> Supplied material
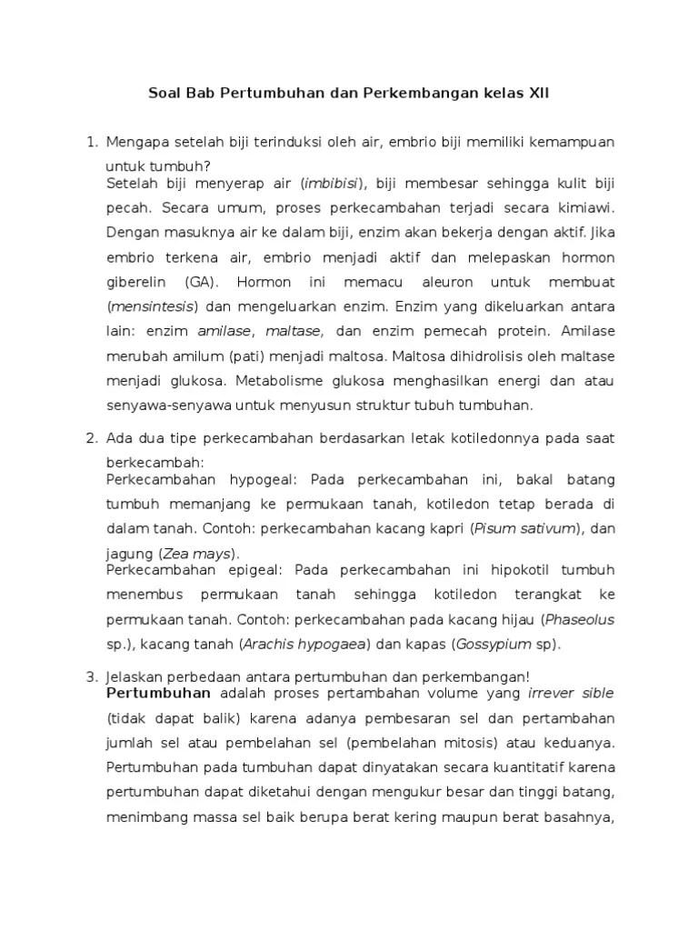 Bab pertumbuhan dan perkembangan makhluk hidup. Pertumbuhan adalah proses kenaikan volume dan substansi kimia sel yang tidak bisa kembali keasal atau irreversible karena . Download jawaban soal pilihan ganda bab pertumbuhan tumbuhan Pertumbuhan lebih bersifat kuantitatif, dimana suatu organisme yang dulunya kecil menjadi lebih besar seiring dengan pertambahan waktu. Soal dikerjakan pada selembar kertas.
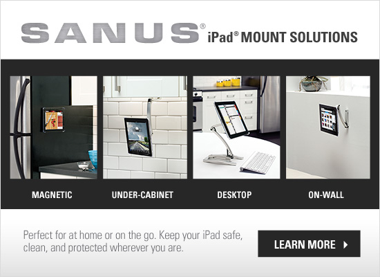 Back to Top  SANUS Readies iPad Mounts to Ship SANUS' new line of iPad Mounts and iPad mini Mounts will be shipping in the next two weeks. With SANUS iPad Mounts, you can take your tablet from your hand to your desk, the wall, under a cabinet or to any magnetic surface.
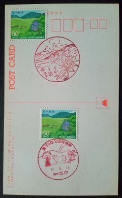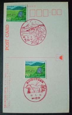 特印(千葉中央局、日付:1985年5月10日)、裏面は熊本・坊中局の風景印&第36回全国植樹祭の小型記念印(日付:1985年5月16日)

> Task brief
Could you repeat each line above exactly as written? Omit the pictures.

> Result of this exercise
 Bab pertumbuhan dan perkembangan makhluk hidup. Pertumbuhan adalah proses kenaikan volume dan substansi kimia sel yang tidak bisa kembali keasal atau irreversible karena . Download jawaban soal pilihan ganda bab pertumbuhan tumbuhan Pertumbuhan lebih bersifat kuantitatif, dimana suatu organisme yang dulunya kecil menjadi lebih besar seiring dengan pertambahan waktu. Soal dikerjakan pada selembar kertas.
 Back to Top  SANUS Readies iPad Mounts to Ship SANUS' new line of iPad Mounts and iPad mini Mounts will be shipping in the next two weeks. With SANUS iPad Mounts, you can take your tablet from your hand to your desk, the wall, under a cabinet or to any magnetic surface.
 特印(千葉中央局、日付:1985年5月10日)、裏面は熊本・坊中局の風景印&第36回全国植樹祭の小型記念印(日付:1985年5月16日)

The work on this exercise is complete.